This combines MOST of the techniques that I learnt from an article in
Microsoft System Journal talking about the optimizer in MS-C.  In other
words, if you use MS-C, you don't need to do most of these things.  If 
you use pcc (the bundled compiler on Suns, Ultrix, on lots of other unix
boxen), you DO need to do all this in critical loops.

The techniques I used:

Pointer unraveling? (I think that's what it's called): Converting array
references to pointers eliminates a lot of calculations of array offsets
on lousy optimizers

Register allocation: Tell the compiler that the variables are going to
be referenced a lot.  If you have enough registers, it will help (again,
only if your compiler isn't smart enough to decide on its own)

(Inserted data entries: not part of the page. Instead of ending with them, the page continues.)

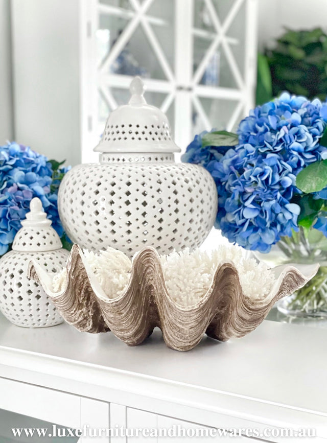 Large Faux Clam in natural is pictured (sold separately) with approximately 1.5kg.
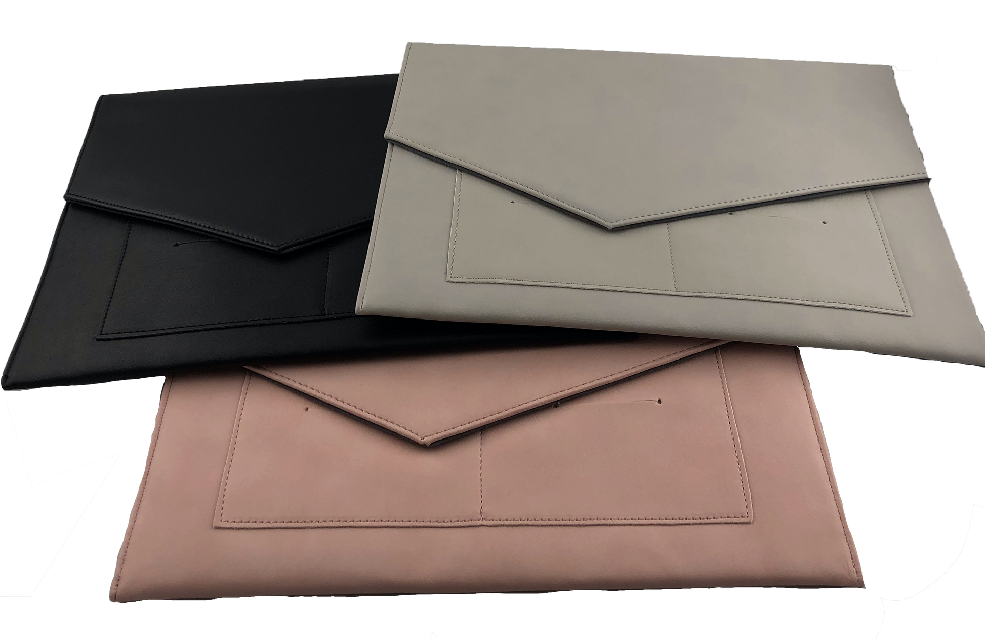 Upgrade your workwear with the elegant, vegan leather laptop wallet. Designed with an envelope style flap, the MALIBU laptop sleeve is perfect for your laptop and work documents and even has compartments for your credit cards. It can be carried as a laptop case or portfolio clutch adding a touch of style to your work week.- PUDU Vegan Leather Collection
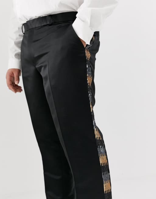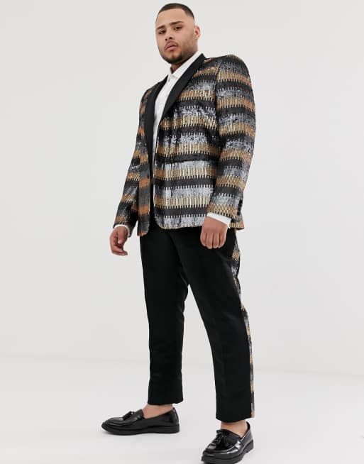 ASOS EDITION Plus skinny suit pants in gray and gold sequins
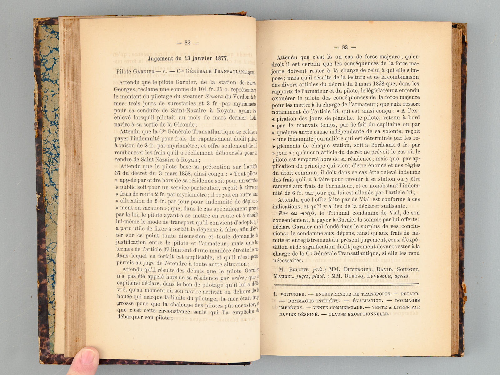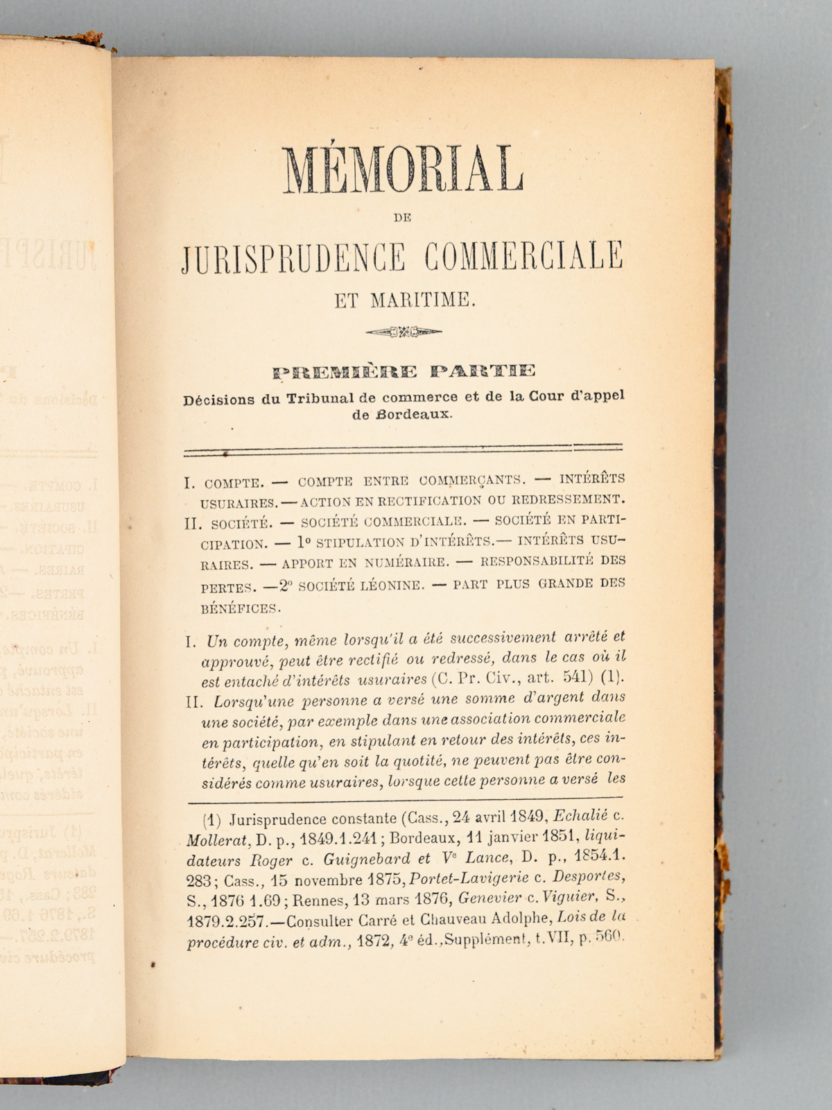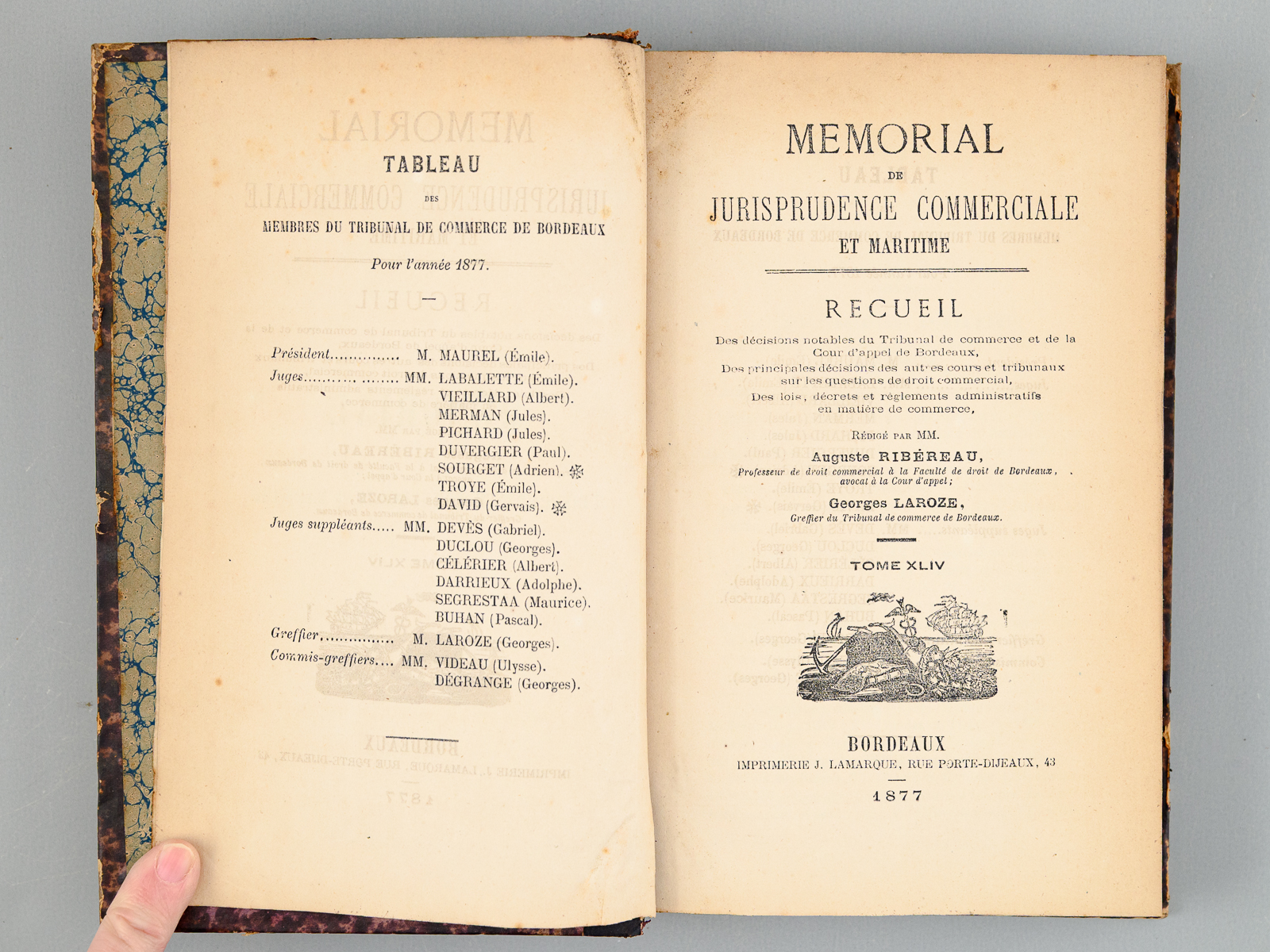 1 vol. in-8 rel. demi-basane brune, dos lisses, Imprimerie J. Lamarque, Bordeaux, 1877, 453-61 pp. Commentaire : Etat très satisfaisant (couv. lég. frottée, bon état par ailleurs). Cet ouvrage contient deux parties : Première patrie, Décisions du Tribunal de Commerce et de la Cour Impériale de Bordeaux ; Deuxième partie, Décisions diverses, Lois, Décrets et Règlements administratifs en matière de commerce. Ces parties sont suivie d'une table des matières.

Common subexpressions: Another easy one, but I don't think pcc does it.

Anybody think of anything else?  Did I make any major boo-boos?
-- 
Paul Tomblin, Department of Redundancy Department.       ! My employer does 
The Romanian Orphans Support Group needs your help,      ! not stand by my
Ask me for details.                                      ! opinions.... 
pt@geovision.gvc.com or {cognos,uunet}!geovision!pt      ! Me neither.

brnstnd@kramden.acf.nyu.edu (Dan Bernstein) (02/14/91)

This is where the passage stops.